Quantum Interference in Graphene Nanoconstrictions

TL;DR

This paper investigates quantum interference effects in graphene nanoconstrictions, revealing Fabry-Perot and Fano resonances caused by internal reflections and localized states, advancing understanding of quantum phenomena in graphene devices.

Contribution

It demonstrates the coexistence of Fabry-Perot and Fano interferences in graphene nanoconstrictions and provides a theoretical explanation for their origin.

Findings

Observation of multimode Fabry-Perot interference patterns.

Detection of sharp Fano antiresonances in conductance.

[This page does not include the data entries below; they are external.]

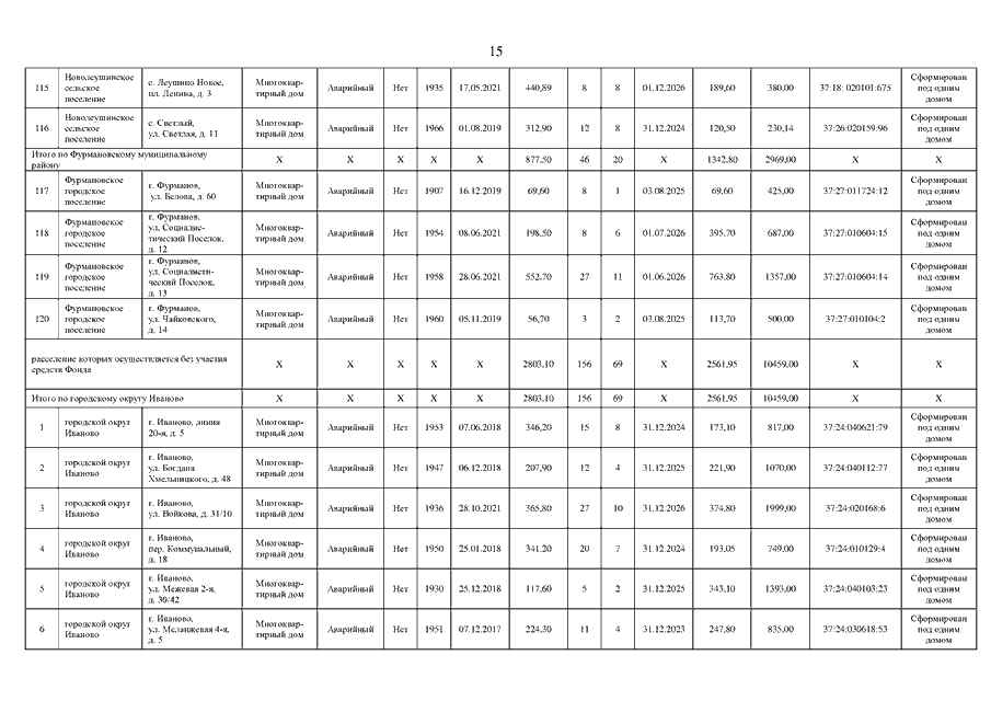 Постановление Правительства Ивановской области от 22.08.2025 N 335-п "О внесении изменений в постановление Правительства Ивановской области от 03.06.2024 N 232-п "Об утверждении региональной адресной программы "Переселение граждан из аварийного жилищного фонда на территории Ивановской области на 2024 - 2030 годы" (вместе с "Реестром жилищного фонда (многоквартирные дома, дома блокированной застройки, объекты индивидуального жилищного строительства)", "Планом реализации мероприятий по переселению граждан из аварийного жилищного фонда по способам переселения", "Планом мероприятий по переселению граждан из аварийного жилищного фонда")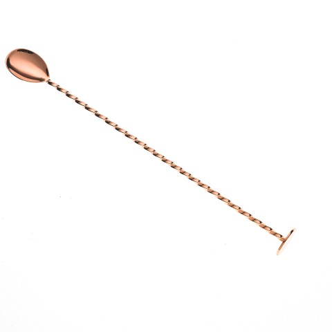 Barfly® Bar Spoon, with muddler, 11-13/16" (30 cm), flat-top end, twisted stem, one-piece, 18/8 stainless steel, copper-plated finish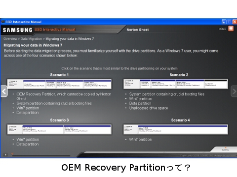 3つ目は、既存のデータを移行する幾つかのシナリオが掲載されているのですが、“OEM Recovery Partition, which cannot be copied by Norton Ghost”などの注記について、ある程度の知識が要求されます(英語は訳せても、システム的な意味がわかりません)。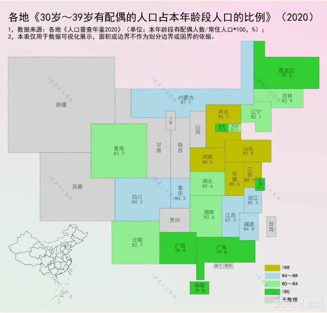 根据2020年人口普查数据,当我们聚焦30岁至39岁这一群体,发现一个显著的事实:在全国范围内,绝大多数人在这一年龄段已经步入婚姻殿堂。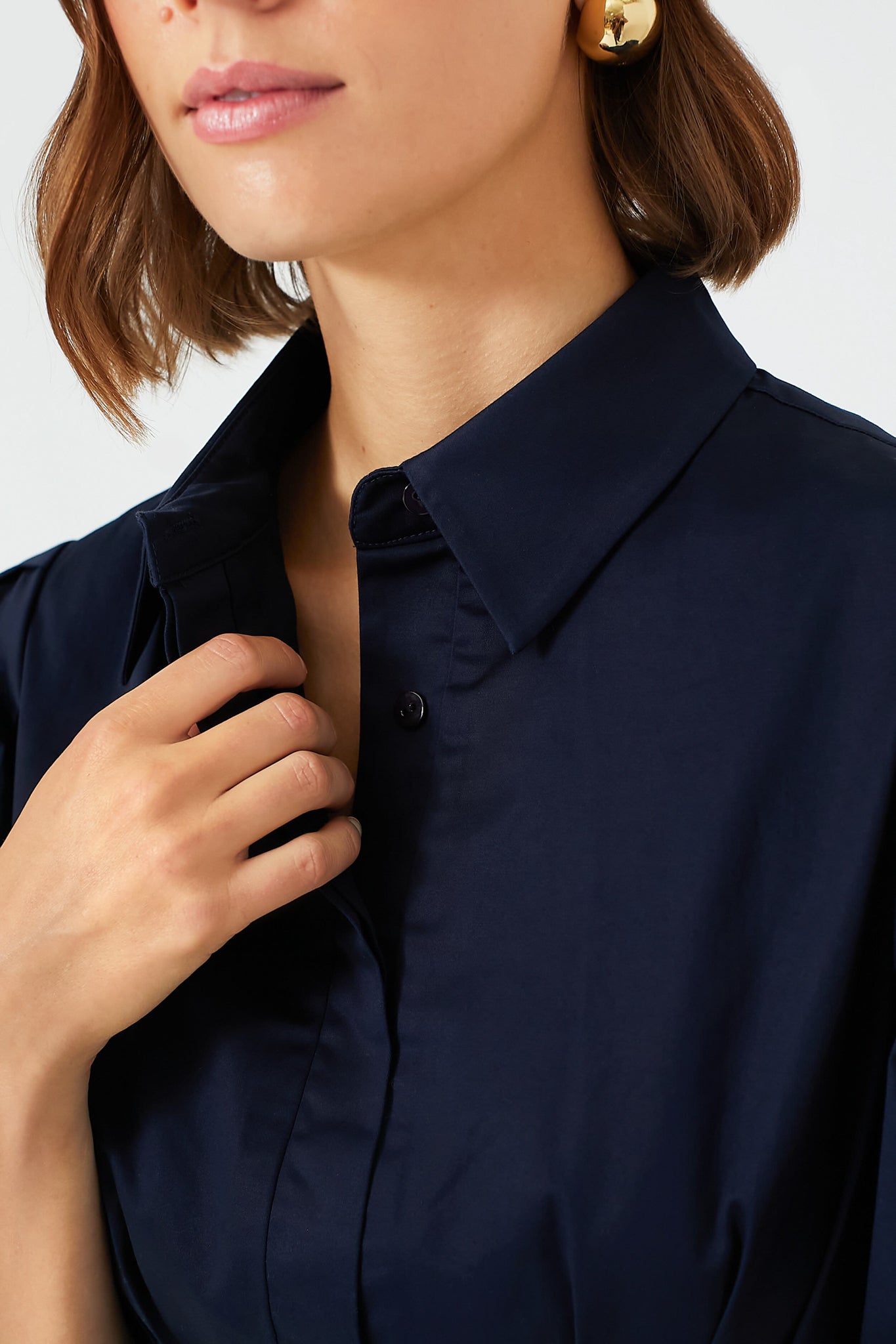 We've always loved the combination of a tailored shirt dress with feminine details to create a polished look that's fit for both work and play. The Navy Mini Delaney Dress features a spread collar. puff sleeves. and pleats at the waistline for a chic silhouette that is easy to wear for endless occasions. Opt for gold accessories and your favorite bag for a timeless look that'll effortlessly carry you from brunches to evening get-togethers with ease.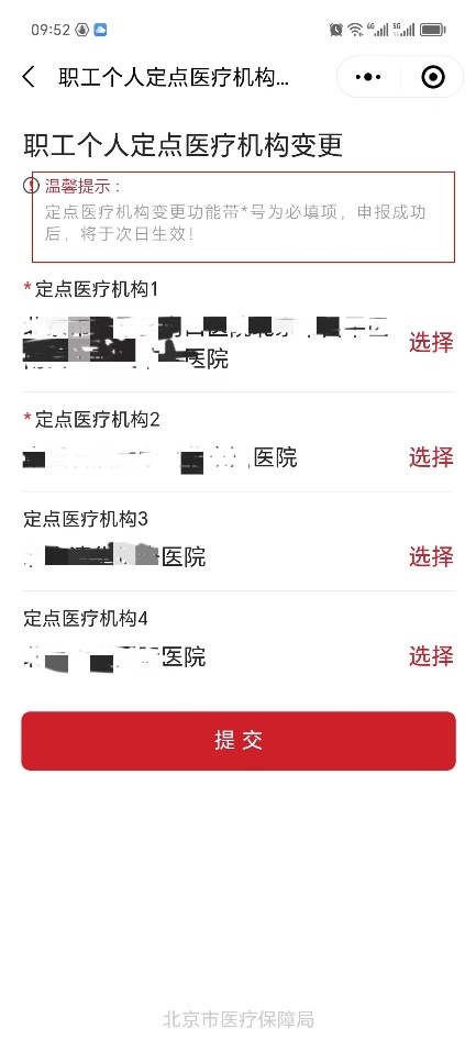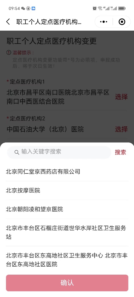 5.進(jìn)入后搜索醫(yī)院,點(diǎn)擊“選擇”后變更,系統(tǒng)提示申報(bào)成功,次日生效。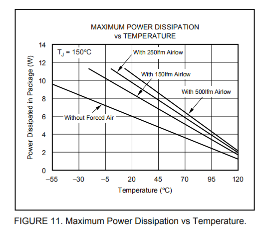 封装中可以安全散热的功率与环境温度和散热器设计有关。PowerPAD封装是专门为提供出色的功耗而设计的,但是电路板布局极大地影响了封装的散热。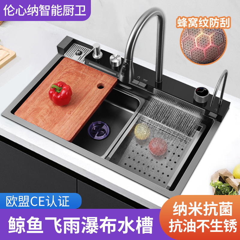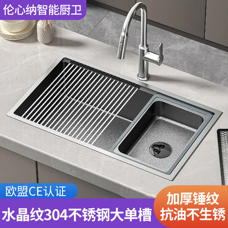 ナノ水晶紋厨房水槽SUS304ステンレス大単槽多機能抗菌洗面器台下盆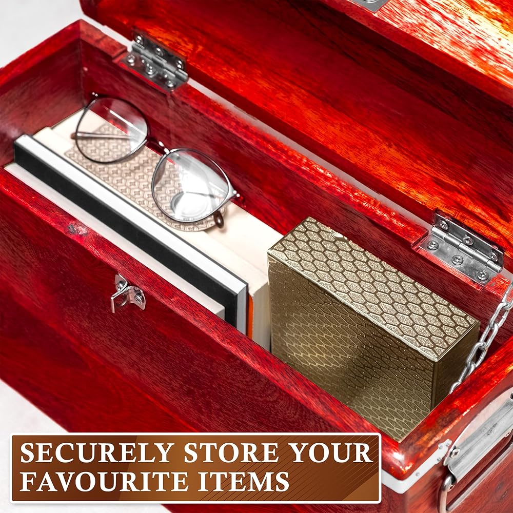 للحفاظ على المحتوى آمنًا وآمنًا، سيحافظ صندوق الصدر الخشبي الخاص بنا على حمايته؛ يأتي هذا الصندوق الخشبي المزخرف المزود بقفل بقفل معدني صلب ومفتاحين لضمان عدم فقدان متعلقاتك أبدًا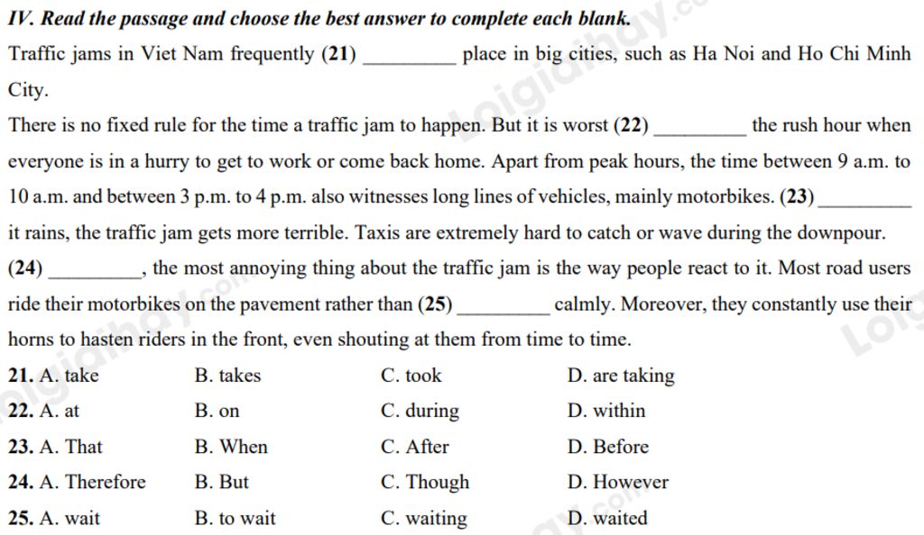 `-` “traffic jams” `->` số nhiều `->` Vinf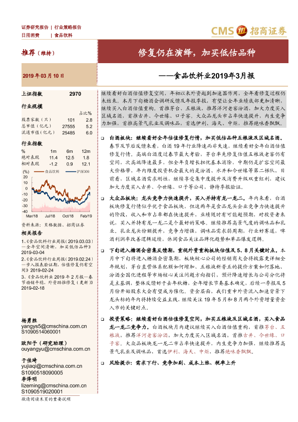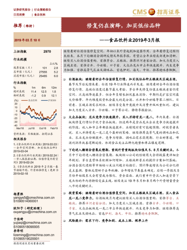 【海通证券】【201903】食品饮料业2019年3月报:修复仍在演绎,加买低估品种-17页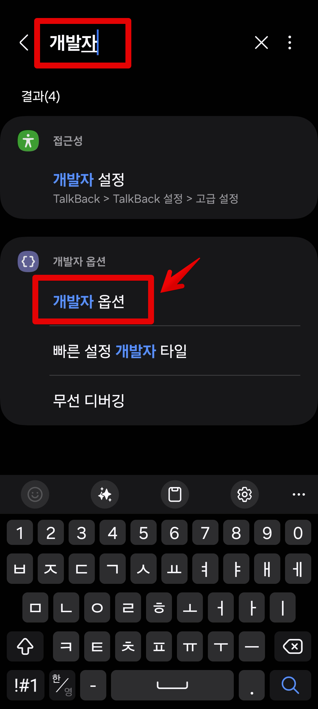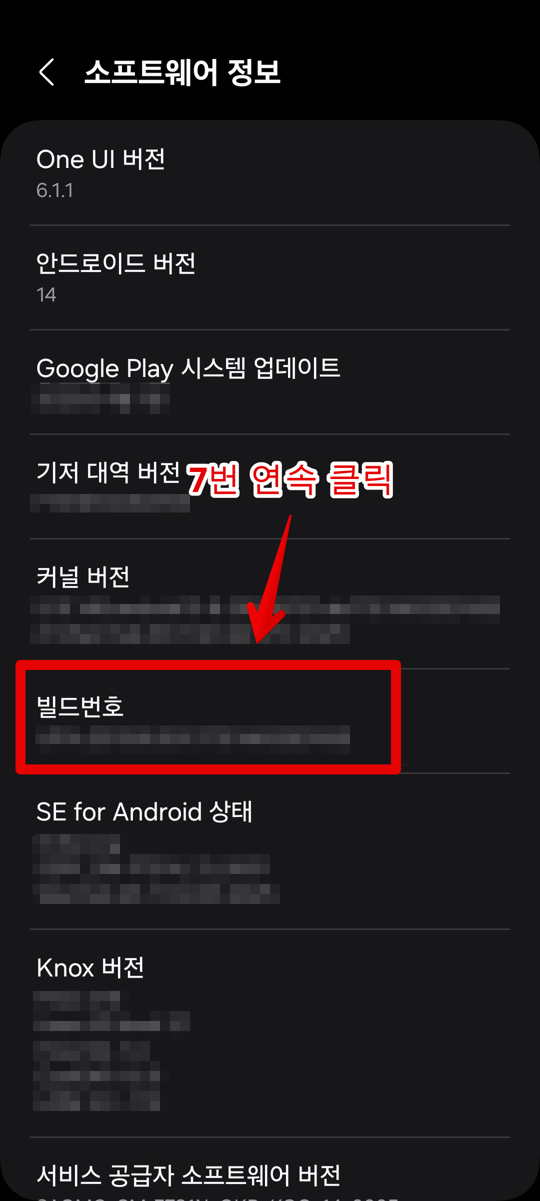 빌드번호 소프트웨어 정보가 나타나면 [빌드 번호] 쪽을 7번 연속으로 클릭해서 활성화합니다. 다음으로 위 검색창에서 '개발자'라고 검색한 후 [개발자 옵션]으로 들어간 후 활성화합니다.

Theoretical model linking localized states to Fano resonances.

Abstract

We report quantum interference effects in the electrical conductance of chemical vapor deposited graphene nanoconstrictions fabricated using feedback controlled electroburning. The observed multimode Fabry-Perot interferences can be attributed to reflections at potential steps inside the channel. Sharp antiresonance features with a Fano line shape are observed. Theoretical modeling reveals that these Fano resonances are due to localized states inside the constriction, which couple to the delocalized states that also give rise to the Fabry-Perot interference patterns. This study provides new insight into the interplay between two fundamental forms of quantum interference in graphene nanoconstrictions.